In the first monetary policy committee (MPC) meeting after the presentation of the Union Budget 2021-22, the Reserve Bank of India (RBI) panel on Friday announced that it has kept repo rate, as well as the reverse repo rate unchanged while maintaining an 'accommodative stance'.
RBI governor Shaktikanta Das announced that the decision was taken unanimously and added that the repo rate was kept unchanged at 4 percent and the reverse repo rate at 3.35 percent. The RBI will be maintaining an accommodative stance "as long as necessary at least through the current financial year to the next year, Das announced.
The central bank also sees the upcoming financial year's GDP growth at 10.5 per cent.
This is the first MPC meeting after the presentation of the Union Budget 2021-22. The six-member MPC headed by RBI Governor Shaktikanta Das meets every two months to analyze the state of the Indian economy and inflation and address the monetary issues in the country. This month, it began the 3-day bi-monthly meeting on Wednesday, February 3.

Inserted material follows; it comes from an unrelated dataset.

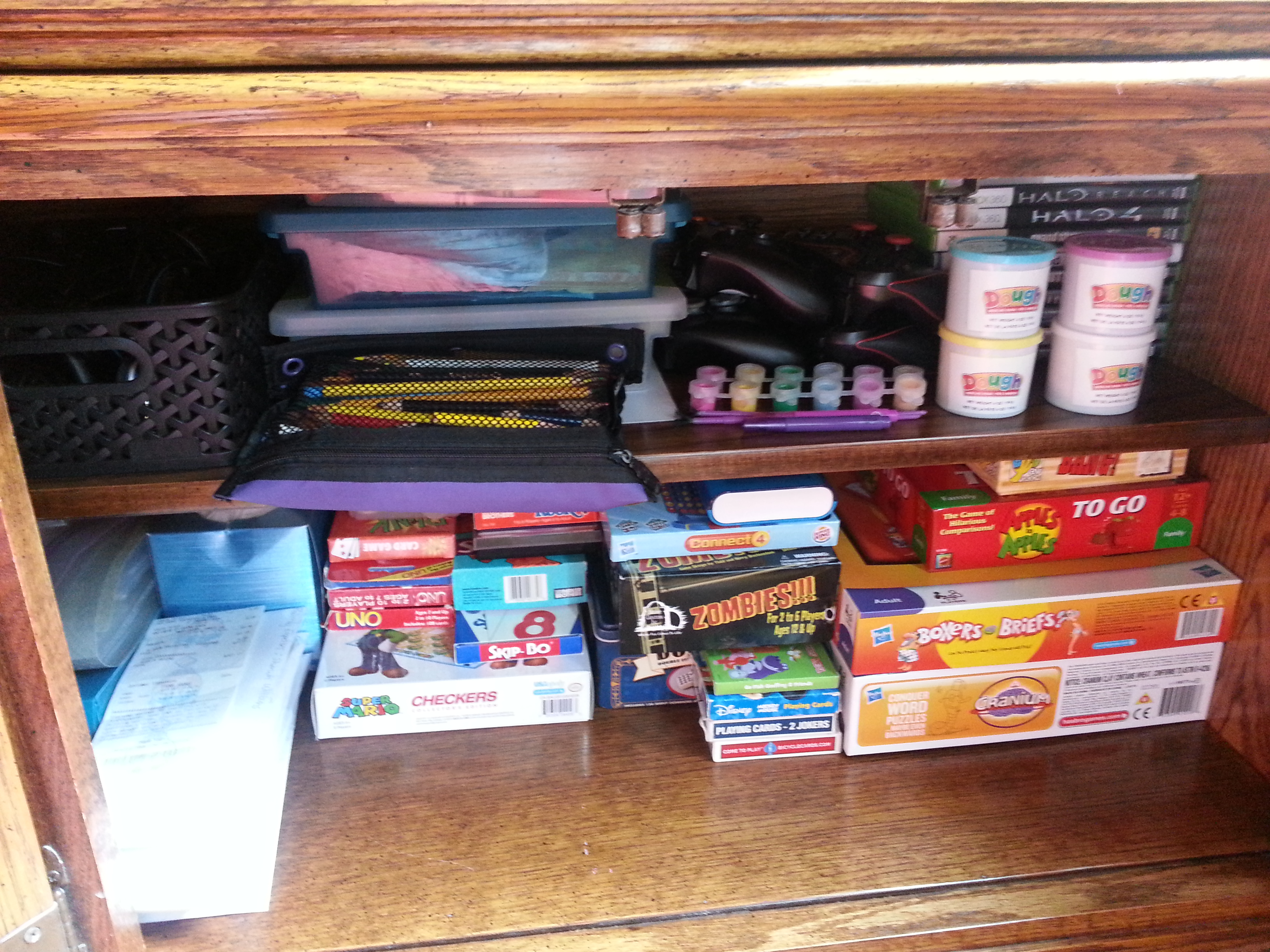 So here comes the after pictures. The first drawer has my personal office supplies. The second drawer has my husband’s business cards and other work and photography supplies. The first cabinet top shelf has four baskets: to file, mail, cds, and chargers. The first cabinet bottom shelf has my work supplies. The second cabinet top shelf has some of my girls’ art supplies and video games/controllers. The second cabinet bottom shelf has our card and board games.

The repo rate has been cut by a total 115 basis points since March 2020 to cushion the shock from the pandemic, following a 135 bps reduction since beginning of 2019.
Today was the fourth straight time that the central bank chose to hold rates, although falling inflation had given rise to expectations in some quarters that there could be a cut.
CPI inflation in December fell to 4.59 per cent, the first time in nine months that inflation came within the central bank's comfort zone.
Centre's gross market borrowing is estimated at Rs 12 lakh crore, Das said. Reserve money rose by 14.5 per cent year on year on January 29 led by currency demand; Money supply grew by 12.5 per cent on January 15, he added.
The central government and RBI have taken several steps to encourage retail investment in government securities.
Das announced that retail investors will now have direct access to participate in Gsec market both primary and secondary through RBI. It's being called Retail Direct.
Till now, investing in government bonds directly was a cumbersome affair for individual retail investors. The only way to do so was through different Gsec or income funds, offered by asset management companies.